Although 29ers have been around since the early 80's they have only been in production from a major producer for the last decade. Trek was the first big brand to offer a 29er in early 2000's.

Reasons why you may not of seen many are:

  • Until the last couple of model years model years 29er's have predominatly been in the XC category (HT and FS) while recently more all mountain and trail bikes have been developed. Depending on what riders were doing in your area there may not have been a market.

  • There has been an increase in world cup/ champs and olympic riders using 29ers in the past few years. At the 2012 Olympics there were very few 26" bikes in the mens (more in the womans due to size.

    • People don't change their bike that often. If you live in an area where there is not a lot of riders the market for a new wheel size retailers will stick to what they know.

    • Entry level bikes have predominantly been 26". Big box store retailers (of which makes up a large portion of the market) will follow the trend for what they see selling the most of. Now there is a critical mass of 29ers they will follow.

    • Most people don't read media about bikes they are driven by what a salesman says, which will generally be in the direction of the most sales and biggest margin.

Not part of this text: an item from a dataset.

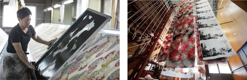 染物の織りや金箔のような質感まで、モチーフが本来持つ質感に近づけるために、絵柄ごとに重ね方を変える手法を採用しています。この重ね塗りとテクスチャー制御は、同社が「かさね」と称する独自技術の要となる部分です。

I do find it interesting that you are commenting that you see a lot of 29ers retailling where you live, in New Zealand apart from XC bikes a huge proportion of the 2014 model years bikes that I am seeing at the moment are 650Bs. I think our market replicates that of the US where companies are moving to this as the new "standard". A good example is Giant who have committed to phasing out both 29 and 26" models on a 3 year glide path. Other manufacturers are offering strong 650B models in intemediate and advanced AM categories this year such as GT, Trek, Merida and Santa Cruz just to name a few.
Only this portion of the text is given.